The Hidden Health Benefits of Running

The Hidden Health Benefits of Running

benefits of running divini raeWe all know running is a great cardio workout, but did you know there are also a plethora of other ways it can benefit your body?It’s true: running comes with a number of health benefits – both physical and mental. If you’re looking for a new way to get your workout in, consider a quick jog around the park, and enjoy some of these game-changing benefits:

  • Increased brain capacity – Running can stimulate the growth of nerve cells and blood vessels, which play a huge role in overall brain function. These cells and vessels naturally decrease as we age, so by running, we can help circumvent our brain’s natural decline. In fact, a study showed that there was two percent difference in learning and memory in adults who ran versus those who were inactive

  • Improved mood and reduced depression – Studies show that running as just as effective, maybe even better, than the pharmaceutical drugs that treat depression. Running improves the mood, promotes a positive outlook, and keeps serotonin and norepinephrine in the synapses longer — and this can help fight off depression and anxiety.

  • Longer life span – Running for just 30 minutes three days a week can increase your life up to SIX years, according to research. Why? Because it makes you healthier on the whole: you’re less likely to get ill, have heart or lung problems, or be overwhelmed by stress. It also prevents obesity, a risk factor in many fatal disease and conditions.
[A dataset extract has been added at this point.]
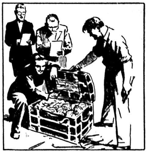 And now Tarzan was able at last to see the treasure. When the great oak, iron-bound chest was forced open, it was found to contain gold coin—"doubloons" and "pieces of eight" from pirates' raids along the Spanish Main. Tarzan desired to take it intact to America with him.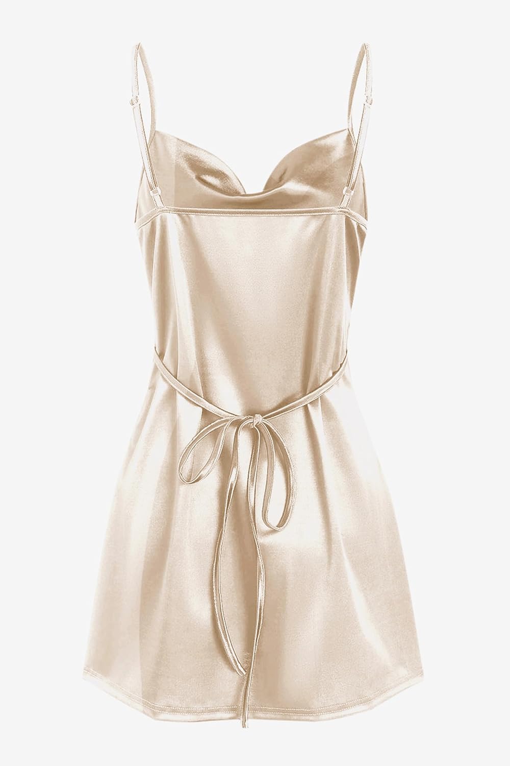 Women Satin Sleeveless Spaghetti Strap Mini Dress Sexy Slip Cowl Neck Silky Cocktail Party Dresses

  • Lowered stress levels – When you run, chemicals like dopamine and serotonin are released in the brain, creating what’s called a “runner’s high.” This helps keep you in the moment, pushing aside all those stresses and worries and pushes you to a more serene, calm and happy place.

  • Decreased risk of heart disease – If you run outdoors you can get even more benefits. As outdoor runners get significantly more vitamin D than other people, they’re also 50 percent less likely to die from heart disease because of it.

  • Continued caloric burning – Running produces what’s called an “after burn,” added calories that are consumed even after your run has ended. In fact, the average person will burn anywhere from 250 to 350 calories for every 30 minutes run. For every 100 of those, they can expect to burn at least another 15 in the next few hours after the workout is over.

If you’re looking for a great cardio workout that can improve your health on many levels, running/jogging is a a good one to try!